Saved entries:
• • • •

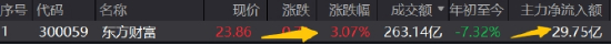 1、“券茅”东方财富全天成交额飙升至263.14亿元,主力狂揽29.75亿元,登顶A股吸金、成交“双冠王”。
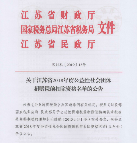 2019年1月,江蘇省財政廳、省稅務局和省民政廳關于“公益性社會團體捐贈稅前扣除資格”聯(lián)合發(fā)文,公布資格名單,江蘇省華僑公益基金會被列入名單中:
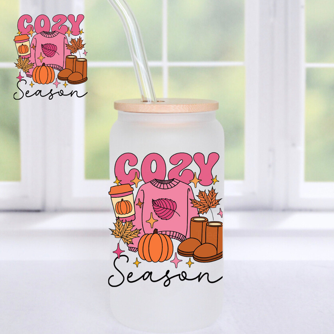 Get ready to snuggle up and enjoy the season with our Cozy Season UV DTF Decal. Order yours today and add a touch of warmth to your life!
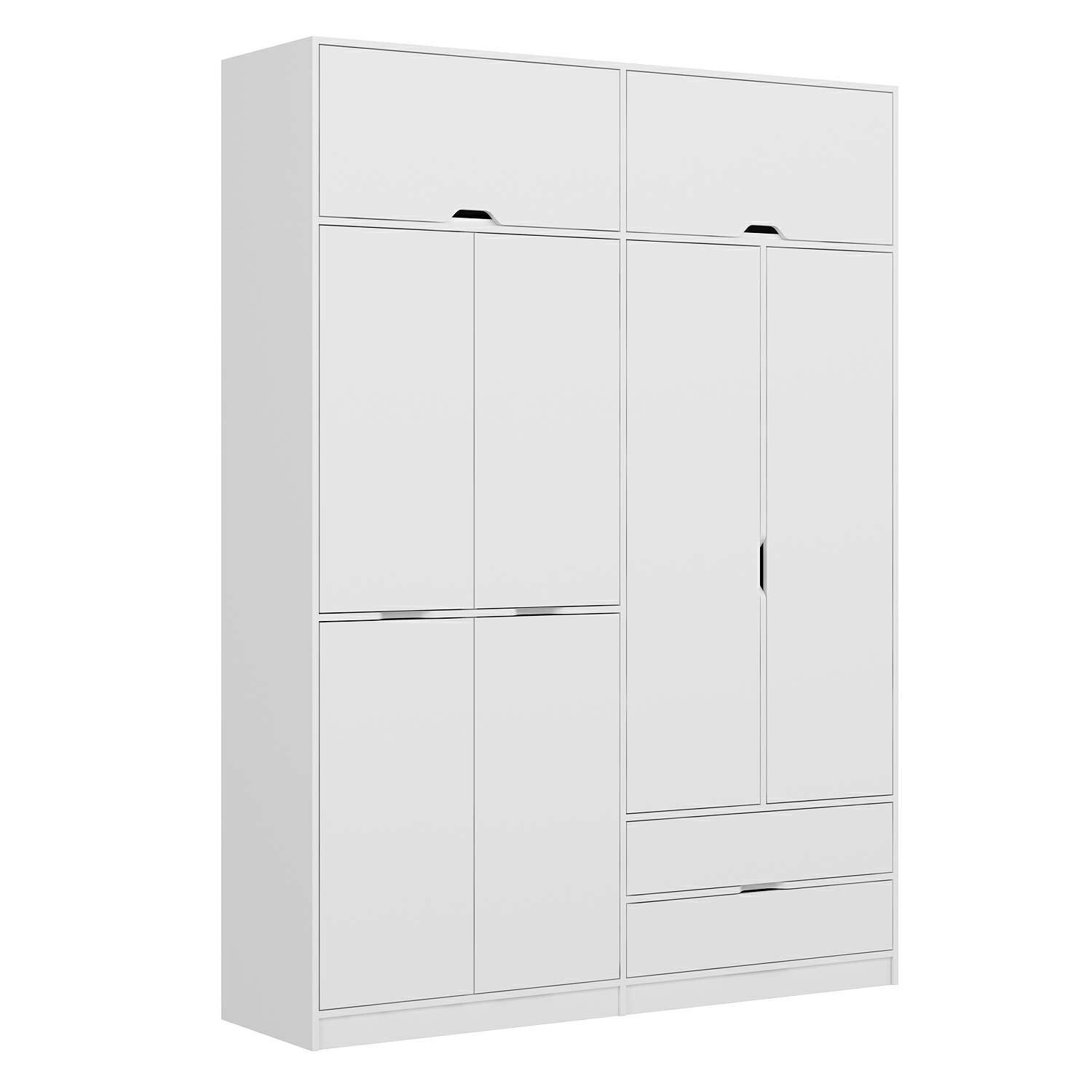 Elina 4 Kapaklı Dolap + Yüklük - Beyaz/Beyaz
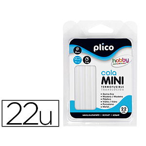 PLICO - Barra termofusible mini translucida 8 mm de diamero x 100 mm de alto blister 22 unidades (Ref. 1641)
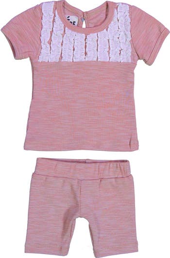 Your little darling will look picture-perfect in a set that features a ruffled shirt and pull-on shorts, both mostly made from soft cotton.

• • • •

# Task goal
The answer must consist solely of the lines from the first line of the records through the line containing "Elina 4 Kapaklı Dolap + Yüklük - Beyaz/Beyaz", reproduced exactly and without the pictures.

# Solution to the problem
 1、“券茅”东方财富全天成交额飙升至263.14亿元,主力狂揽29.75亿元,登顶A股吸金、成交“双冠王”。
 2019年1月,江蘇省財政廳、省稅務局和省民政廳關于“公益性社會團體捐贈稅前扣除資格”聯(lián)合發(fā)文,公布資格名單,江蘇省華僑公益基金會被列入名單中:
 Get ready to snuggle up and enjoy the season with our Cozy Season UV DTF Decal. Order yours today and add a touch of warmth to your life!
 Elina 4 Kapaklı Dolap + Yüklük - Beyaz/Beyaz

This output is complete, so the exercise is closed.